Aim of the task - Print, please, exactly the lines from the one with "El DYNAMO de" through the final line of the data below, with both ends included and the pictures left out.

Information supplied -
——————

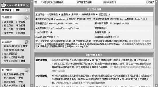 点击“管理”链接进入论坛的管理页面。页面左侧是功能菜单,我们只要点击需要设置的项目,在右侧窗口便会显示该项目的具体设置内容(图2)。在此,果冻针对自己的需要进行了一番设置。
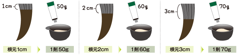 - 新生部の白髪をしっかり染めるため、2剤は6%をご使用ください。
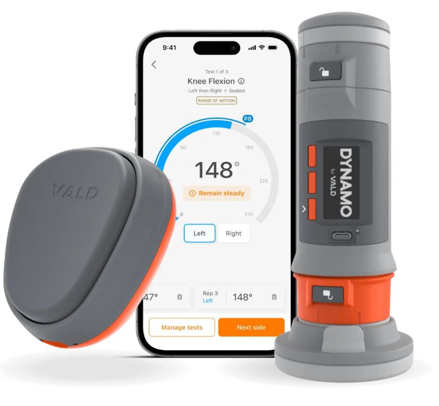 El DYNAMO de VALD es un dinamómetro portátil de mano que te permite medir la fuerza de grupos musculares específicos con una precisión digital milimétrica.
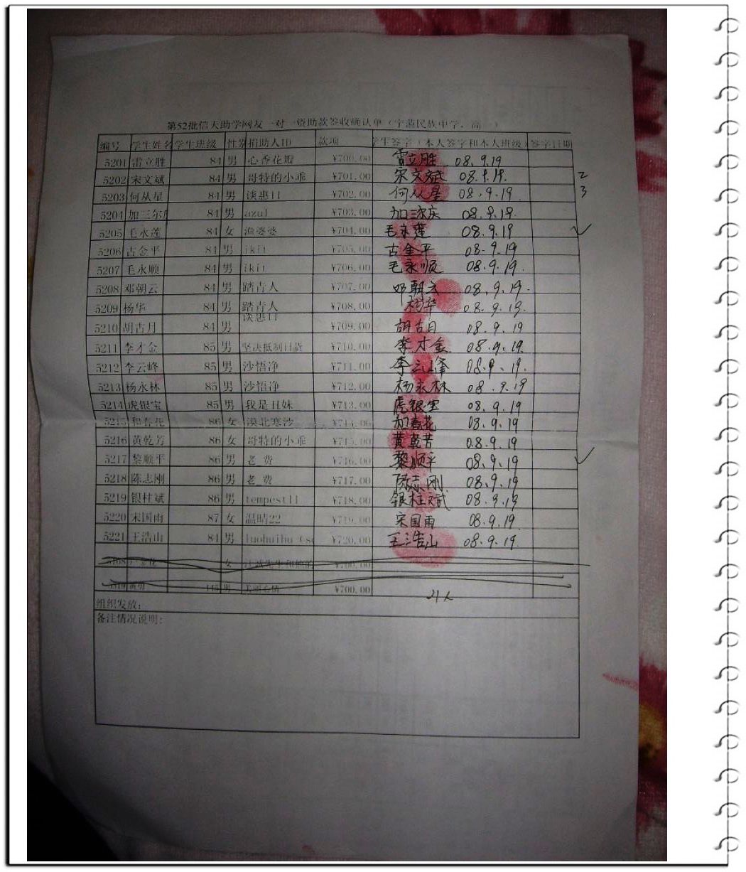 第52批信天助学网友一对一 汇款情况汇总(宁蒗民族中学,21名高中,2008年9月第二次汇款,高二学年的资助款)

——————

Solution for this exercise -
 El DYNAMO de VALD es un dinamómetro portátil de mano que te permite medir la fuerza de grupos musculares específicos con una precisión digital milimétrica.
 第52批信天助学网友一对一 汇款情况汇总(宁蒗民族中学,21名高中,2008年9月第二次汇款,高二学年的资助款)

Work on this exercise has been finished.